Relaks (NMR)

rozpad indukowanej przez RF polaryzacji spinu NMR charakteryzuje się dwoma odrębnymi procesami, każdy z własnymi stałymi czasowymi. Jeden proces, zwany T1, jest odpowiedzialny za utratę intensywności rezonansu po wzbudzeniu impulsu. Drugi proces, zwany T2, charakteryzuje szerokość lub szerokość rezonansów. Mówiąc bardziej formalnie, T1 jest stałą czasową dla procesów fizycznych odpowiedzialnych za relaksację składników wektora magnetyzacji spinu jądrowego m równoległego do zewnętrznego pola magnetycznego, B0 (który jest umownie określany jako oś z). Relaksacja T2 wpływa na spójne składowe m prostopadłe do B0. W konwencjonalnej spektroskopii NMR T1 ogranicza częstotliwość powtarzania impulsów i wpływa na ogólny czas, w którym można uzyskać widmo NMR. Wartości T1 wahają się od milisekund do kilku sekund, w zależności od wielkości cząsteczki, lepkości roztworu, temperatury próbki i możliwej obecności gatunków paramagnetycznych (np.

T1Edit
transfer nasycenia spinu
T2Edit
T2* i niejednorodność pola magnetycznegoedytuj
czy T1 jest zawsze dłuższy niż T2?Edit

T1Edit

artykuł główny: Relaksacja spinowo-sieciowa

czas relaksacji wzdłużnej (lub spinowo-sieciowej) T1 jest stałą rozpadu dla odzyskania składowej z magnetyzacji spinowej jądrowej, MZ, w kierunku jej wartości równowagi termicznej, M Z, e Q {\displaystyle M_{z,\mathrm {eq} }}

$M_{z, \ mathrm{eq}}$

. Ogólnie M z(t ) = M z , E q − e − T / T 1 {\displaystyle M_{z} (t)=M_{z,\mathrm {eq} }-e^{-t / T_{1}}}

$M_z (t) = M_{z,\mathrm{eq}} - e^{-t/T_1}$

w szczególnych przypadkach:

jeśli M został przechylony do płaszczyzny xy, to M z ( 0 ) = 0 {\displaystyle M_{z}(0)=0}
$M_z(0)=0$

a odzyskanie jest po prostu

M Z ( t ) = M z , E q ( 1 − E − T / T 1 ) {\displaystyle M_{z}(t)=M_{z,\mathrm {eq} }\left(1-E^{-t/t_{1}}\right)}

$m_z(t) = M_{z,\mathrm{eq}}\left( 1 - E^{-T/t_1} \right)$

tzn. namagnesowanie odzyskuje do 63% wartości równowagi po jednorazowej stałej czasowej T1.
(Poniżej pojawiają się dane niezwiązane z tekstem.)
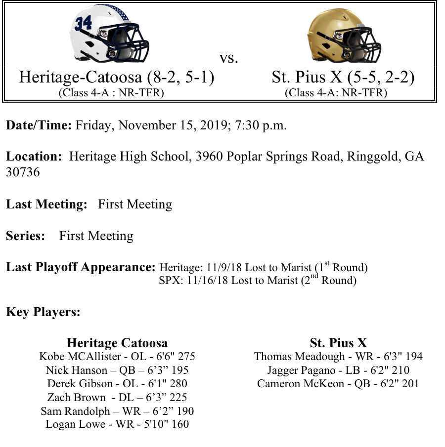 The St. Pius Lions are making their 14th consecutive playoff appearance. The Lions lost a lot of production to graduation last season. They are averaging 14.1 points per game while the defense is allowing 20.7 points per game. The Lions have beaten three playoff teams this season. We won’t ever count out Coach Standard and the Lions, but we like Heritage at home this week by a touchdown.

w eksperymencie odzyskiwania inwersji, powszechnie używanym do pomiaru wartości T1, początkowe namagnesowanie jest odwrócone, M z ( 0 ) = − M Z , e q {\displaystyle M_{z}(0)=-M_{z,\mathrm {eq} }}
$m_z(0)=-M_{z,\mathrm{eq}}$ m z ( T ) = M z , e q ( 1 − 2 E − T / T 1 ) {\displaystyle M_{z}(t)=M_{z,\mathrm {EQ} }\left(1-2E^{-t/t_{1}}\right)}

$m_z(t) = M_{z,\mathrm{EQ}}\left( 1 - 2E^{-t/t_1} \right)$

relaksacja T1 polega na redystrybucji populacji atomowych państw spinowych w celu osiągnij rozkład równowagi termicznej. Z definicji nie jest to oszczędzanie energii. Ponadto emisja spontaniczna jest w niewielkim stopniu powolna na częstotliwościach NMR. Tak więc prawdziwie odizolowane spiny jądrowe wykazywałyby znikome Tempo relaksacji T1. Jednak różnorodne mechanizmy relaksacyjne umożliwiają spiny jądrowe do wymiany energii ze swoim otoczeniem, siecią, pozwalając populacjom spinów na równoważenie się. Fakt, że relaks T1 wiąże się z interakcją z otoczeniem, jest źródłem alternatywnego opisu, relaksu spinowo-kratowego.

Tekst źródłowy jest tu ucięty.